As many of you know, salads are a nutritious powerhouse chock full of antioxidants, healthy fats, and lean proteins. They are also a great source of fiber, a nutrient that is essential to gut health whether you have IBS-C, IBS- D, or IBS-M. Fiber not only helps you stay regular, but it also helps bind stool.

What is the best evening meal for IBS? ›

Dinner Another light meal with a fruit, cooked vegetables or a salad with a little oil and vinegar, and lean protein such as fish or chicken. Drinks Water, tea, or coffee, which may act as a laxative.

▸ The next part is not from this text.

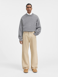 Les Classiques Baggy jeans - Mid rise - Raw denim - Straight wide leg - Five pockets with metal studs and rivets - “J” belt loop - Button fly - Silver metal hardware - Large denim patch above back pocket - Contrast stitching The model is 171 cm and wears a size 30 100% Cotton Made in Italy Ref. 245DE038-1514-150

What soothes an IBS flare up? ›

How to Calm an IBS Flare Up
  1. Apply Gentle Heat. ...
  2. Get Moving. ...
  3. Stay Away From Trigger Foods. ...
  4. Have a Soothing, Non-Caffeinated Tea. ...
  5. Dial Down Your Stress Levels. ...
  6. Try a Relaxation Technique.

What side should you sleep on with IBS? ›

Sleep position and IBS

Sleeping on your back or left side can alleviate IBS symptoms by putting your gut in a better position to adequately digest food and do its job. Sleeping on the right side, on the other hand, can make IBS symptoms worse.

Is drinking water good for IBS diarrhea? ›

Drinking around two liters of water daily can lessen the symptoms associated with IBS, such as bloating, abdominal pain, constipation, and diarrhea. Water is essential for digestion and toxin removal so it's no wonder that staying hydrated is the key to managing IBS.

What foods cause IBS D flare ups? ›

Foods that may make IBS diarrhea worse
  • Fried foods.
  • Fatty foods.
  • Dairy (especially if you are lactose intolerant)
  • Foods containing wheat (if you are gluten-sensitive)
  • Too much fiber (especially from fruit/vegetable skin)
  • Chocolate.
  • Carbonated drinks.
  • Caffeine.
Jun 16, 2022

What foods stop diarrhea fast? ›

What foods help diarrhea go away? Eating bland foods can help diarrhea clear quicker and prevent stomach upset and irritation. This can include bananas, plain white rice, applesauce, toast, boiled potatoes, unseasoned crackers, and oatmeal.

Are eggs bad for IBS D? ›

Eggs. Eggs digest easily and are a safe choice for people with IBS. Eggs can be enjoyed hard-boiled, soft-boiled, scrambled, or poached. Omelets and frittatas can be your meal of choice for breakfast, lunch, or dinner, and make a great option when eating out in a restaurant.